I have forgotten how wicked my heart is and I have convinced others around me to forget as well. I am Becca Billingslea. I have it all together. I have goals and high hopes, I have an amazing family, stellar job…I’m kind of a big deal.
2 Sam. 22:28, “You save the humble, but your eyes are on the haughty to bring them low.”
Oh, how the Lord is bringing me low. God knows where to hit me hardest is in my relationships, so He has began to fracture some that are precious to me. People that I have deceived for a long time now are realizing I am NOT a big deal, but that I… I am wicked. So what do I do with that?

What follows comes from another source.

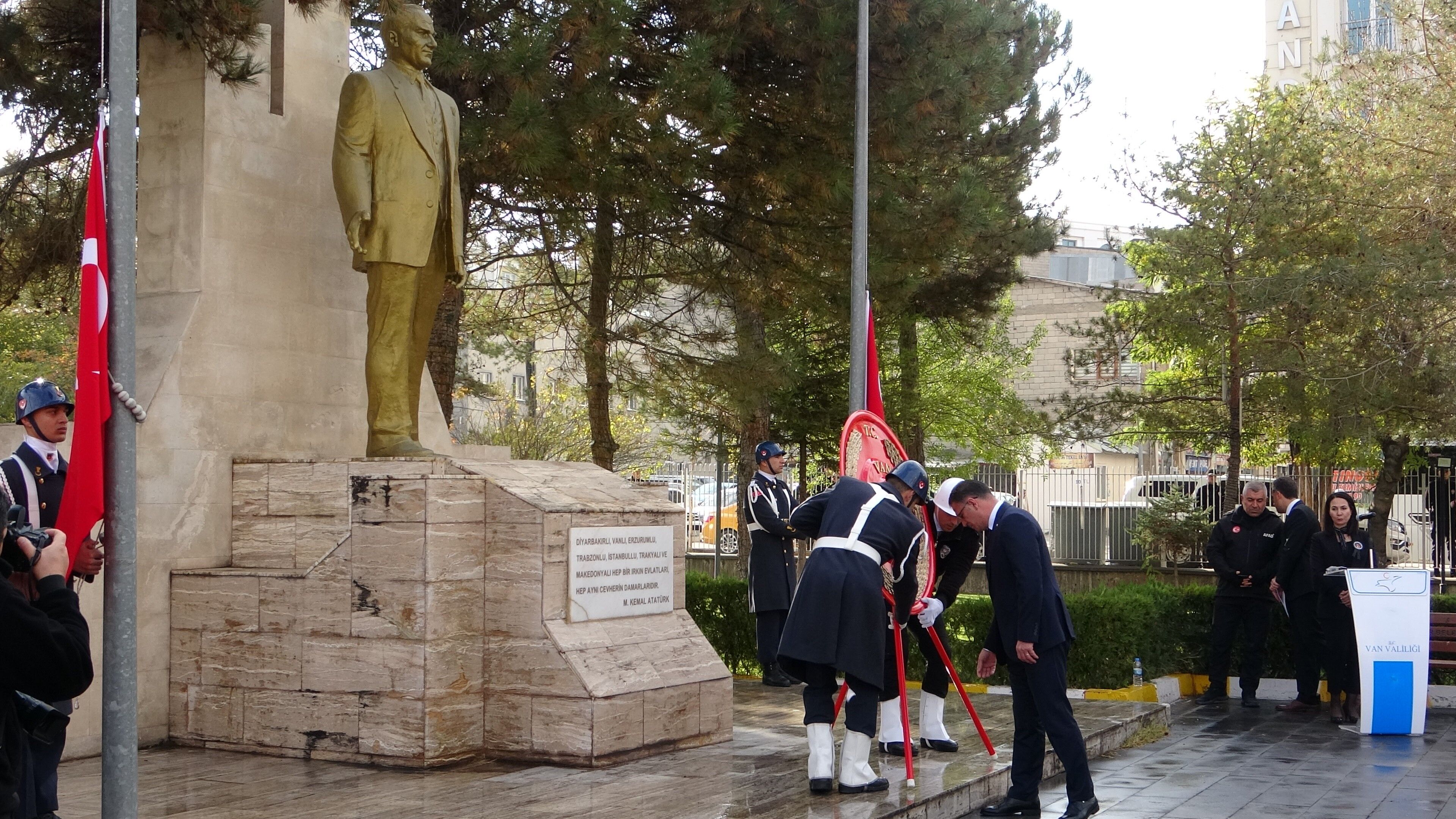 Beşyol Meydanı'ndaki valilik bahçesinde düzenlenen tören, Vali ve Büyükşehir Belediyesi Başkan Vekili Dr. Ozan Balcı ile Van Jandarma Asayiş Kolordu Komutanı Tümgeneral Aykut Tanrıverdi’nin Atatürk heykeline çelenk sunumuyla başladı.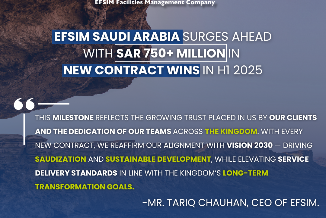 شركة “إي أف إس آي إم” تفوز بعدد من العقود الاستراتيجية بقيمة تتجاوز 750 مليون ريال خلال النصف الأول من عام 2025م يسهم الفوز بهذه العقود في ترسيخ ريادة الشركة ضمن قطاع إدارة المرافق في المملكة العربية السعودية تواصل الشركة توسيع أعمالها في القطاعات سريعة النمو مثل الضيافة والترفيه والرياضة، إلى جانب تعزيز حضورها في المنطقة الجنوبية للمملكة عيّنت الشركة أكثر من 800 موظف خلال النصف الأول من عام 2025بهدف دعم جهود تنفيذ المشاريع الرئيسية، ليصل عدد منسوبيها إلى أكثر من 8500 موظف الرياض، المملكة العربية السعودية، 25 أغسطس 2025م: كشفت شركة “إي أف إس آي إم” لإدارة المرافق (EFSIM)، المزود الرائد لحلول إدارة المرافق المتكاملة في المملكة العربية السعودية، عن فوزها بعقود جديدة تتجاوز قيمتها 750 مليون ريال خلال النصف الأول من عام 2025م، في إنجاز بارز يؤكد على دورها المحوري كشريك مفضل للعملاء في القطاعين العام والخاص حول المملكة. وتغطي هذه العقود الجديدة مجموعة واسعة من القطاعات الحيوية مثل البنية التحتية والرعاية الصحية والتعليم والخدمات الحكومية، كما تنطوي على عدد من فرص التوسّع الاستراتيجي في قطاعات الضيافة والترفيه والرياضة، بما يتماشى مع مستهدفات التحول الوطني تحت مظلة رؤية السعودية 2030. ويبلغ متوسط مدة هذه العقود 3 سنوات، مما يعكس قدرة الشركة على تحقيق قيمة مستدامة على المدى الطويل من خلال المرونة التشغيلية والابتكار والتميز في تقديم الخدمات. وبالإضافة إلى ذلك، نجحت “إي أف إس آي إم” في توسيع رقعة عملياتها لتشمل المنطقة الجنوبية في المملكة، في خطوة مهمة تُسهم في تعزيز حضورها على المستوى الوطني. ولمواكبة هذا النمو، عيّنت الشركة أكثر من 800 موظف خلال النصف الأول من عام 2025م، ليصل عدد منسوبيها إلى أكثر من 8500 موظف. وباشرت الشركة تنفيذ هذه الخطوات ضمن عدد من أبرز مشاريعها الرئيسية، بما في ذلك مشاريع الترفيه والتعليم، مما يعكس نموذج أعمالها المتكامل والمرن في مجال إدارة المرافق وقدرتها على مواكبة التطورات المستقبلية. وبهذه المناسبة، قال طارق شوهان، الرئيس التنفيذي لشركة “إي أف إس آي إم” لإدارة المرافق: “يسلّط هذا الإنجاز الضوء على تنامي ثقة العملاء، كما يعكس الجهود الاستثنائية التي تبذلها فرق العمل المنتشرة في جميع أنحاء المملكة. ومع كل خطوة جديدة، تؤكد الشركة على التزامها بالمساهمة في تحقيق مستهدفات رؤية 2030 من خلال دعم جهود التوطين والتنمية المستدامة، إلى جانب الارتقاء بمعايير تقديم الخدمات بما يتماشى مع مستهدفات مسيرة التحول الوطني للمملكة.” ويجسّد الفوز بالعقود الجديدة ركيزة أساسية تمكّن الشركة من الانتقال نحو المرحلة التالية من مسيرة النمو، مدفوعةً بمكانتها الرائدة في القطاع، وجاهزيتها من الناحية التنظيمية، وقدرتها على إحداث تأثير واسع النطاق في مشهد البنية التحتية واقتصاد الخدمات المتنامي في المملكة.

Fix it. I like to fix things. Thats why I like working with young people, because they are broken and God allows me to be a part of the mending and fixing process. So I decided I would just fix all these relationships. Tighten up the screws, double knot it, band aid/ stitches, and Ta-Da! All better. But not this time. I can’t fix this…and I hate that. I tried and it didn’t work.

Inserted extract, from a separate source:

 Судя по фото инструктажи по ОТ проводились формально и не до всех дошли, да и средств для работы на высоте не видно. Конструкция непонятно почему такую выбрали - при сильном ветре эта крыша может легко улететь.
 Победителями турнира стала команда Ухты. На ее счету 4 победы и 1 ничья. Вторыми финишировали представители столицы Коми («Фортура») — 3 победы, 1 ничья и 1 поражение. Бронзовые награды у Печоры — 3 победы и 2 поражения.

At church on Sunday we talked about…I’ll give you one guess. Relationships! Have you ever had that moment in church where you just want to yell out, “SHUT UP!” to the pastor? That he must be stalking you and wrote this sermon for you. I wish I would have just slept in and not come…but God had other plans. He pulled an arrow out of his quiver and shot it at my heart…
“You’re not as good of a friend as you think you are.”
I looked down and saw the arrow protruding from my heart as blood began to seep through my white shirt. It hurt.
“You want relationships on YOUR terms.”
Ok, was a second arrow really necessary? Come on! I pride myself on being a good friend and now he is telling me I am NOT? Pride. Lots and lots of pride.
Next thing I knew I looked like I had been to Medieval acupuncture, arrows where sticking out all over and I was a bleeding mess. He went on to speak about how we chase so hard after righteousness or “Godly” friendships when in all reality if we would simply pursue Christ, the rest would just fall into place. My relationships are fracturing because He is asking me, am I enough for you? If you were exposed for how truly sinful you are and everyone left your side… would you take My hand and say, “At least I still have You, and You are enough.” When we make Christ our pursuit, healthy friendships and righteousness are simply a byproduct.
So in that moment I fell to my knees and said, “Help me.” I need more of you. I can’t fix this. There is not answer to my problems but there is a person named Jesus who is the answer to everything. My heart is deceitful above all things and beyond cure, but You say that you have given me a new heart…so I will trust that.
“Learning to let Jesus catch you is an art…because we fight it. We flail and thrash as we fall, trying to save ourselves from the impact that we know is coming instead of merely realizing we have fallen and knowing He will catch us.”
So, here I go. I have already began to fall and I have made it very difficult for Him to catch me, but I said in that moment at church…take it. I can’t fix it.
“God sees the brokenness in your life and wants you anyways.”
It was in that moment that Christ came to me, a gory mess, and said, "Let me help you?" He is beginning to mend me as I have given these hurts to Him, finally after much hostility. Maybe people will never forgive me, maybe He will redeem these relationships, but for now… Now I am praying; praying for restoration and the art of falling. Praying for friends, who like Christ will say,
“I see your brokenness and I want you anyways.”
Romans 5:6-8 “You see, at just the right time, when we were still powerless, Christ died for the ungodly. Very rarely will anyone die for a righteous man, though for a good man someone might possibly dare to die. But God demonstrates his own love for us in this: While we were still sinners, Christ died for us.”